Saprà, allora, dei toni allarmistici usati nei confronti di Ignazio Marino, che pure è un cattolico di specchiata moralità. Il giornale dei vescovi arriva addirittura a paventare un “rischio-deriva sui valori” e ad accusare l’illustre chirurgo di essere favorevole all’eutanasia, costringendolo a chiarire in una lettera al giornale che la sua proposta di testamento biologico è in linea con la nostra Costituzione e non ha nulla a che fare con l’eutanasia.

Gli anni della giunta Alemanno sono stati costellati da una serie di scandali, eppure su questi fenomeni di corruzione l’Avvenire preferisce sorvolare. E, del resto, che si tratti di Roma o della Regione Lazio o del governo nazionale, il giornale della CEI ha di solito mostrato una netta preferenza per i partiti di centro destra, da votare almeno come male minore anche quando i loro candidati fossero decisamente impresentabili.

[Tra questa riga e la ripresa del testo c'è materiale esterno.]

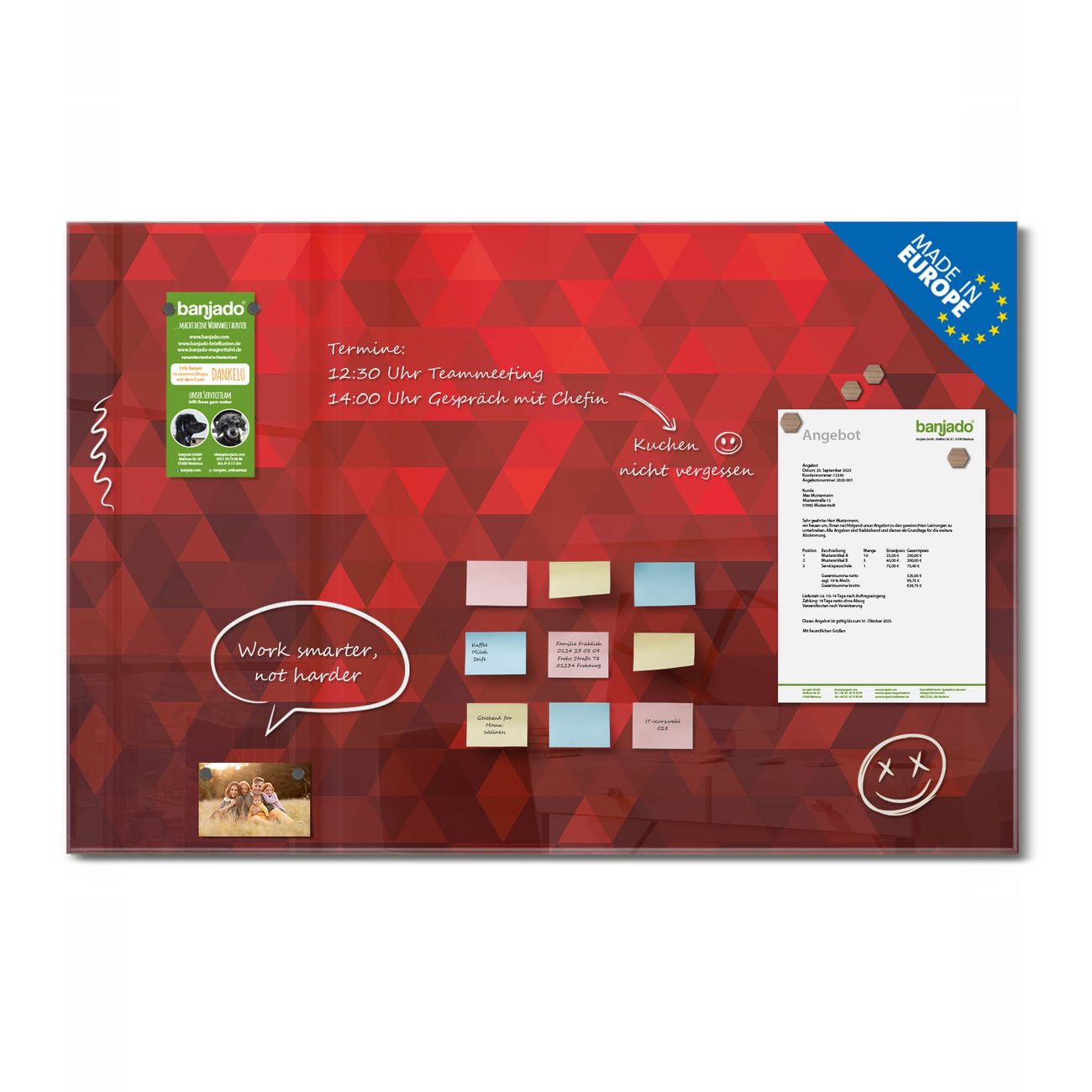 Jede Glas Magnettafel wird in unserer Werkstatt von Hand gefertigt und sorgfältig geprüft. So erhalten Sie ein echtes Qualitätsprodukt, das Funktion und Ästhetik perfekt vereint.?? Warum banjado?

C’è da augurarsi che il papa, che considera la corruzione un grave pericolo per il bene comune, dia presto indicazioni precise perché si possa evitare l’impressione che per la gerarchia ecclesiastica le questioni morali rilevanti siano solo quelle che riguardano l’omosessualità o le coppie di fatto.

L’ex presidente della Regione Lombardia, infine, non è uno dei tanti politici che si dichiarano cattolici. Infatti Roberto Formigoni fa parte di un’associazione, i Memores Domini, caratterizzata dalla pratica dei consigli evangelici di castità, povertà e obbedienza. Ebbene, Formigoni non solo è accusato di gravi reati – e le sue eventuali responsabilità saranno ovviamente giudicate dalla magistratura – ma ha tenuto anche comportamenti che mal si addicono a un consacrato.

Chi s’impegna a una vita di castità, povertà e obbedienza può avere una fidanzata (il rapporto pare che sia durato dal 1997 al 2005), fare vacanze extra lusso e disporre di rilevantissime somme di denaro? Formigoni ha dichiarato, in una spumeggiante intervista, di essere un ‘grande peccatore’, ma si può chiudere così la questione?

Speriamo che il papa, che ritiene fondamentale la coerenza dei comportamenti, chieda a Julián Carrón, assistente spirituale dei Memores Domini, di suggerire autorevolmente a Formigoni di ritirarsi dalla vita pubblica: infatti, se restasse senatore, quasi non fosse successo nulla, si aggiungerebbe scandalo a scandalo.

Gli italiani, credenti o meno, sono in attesa: a quando i fatti?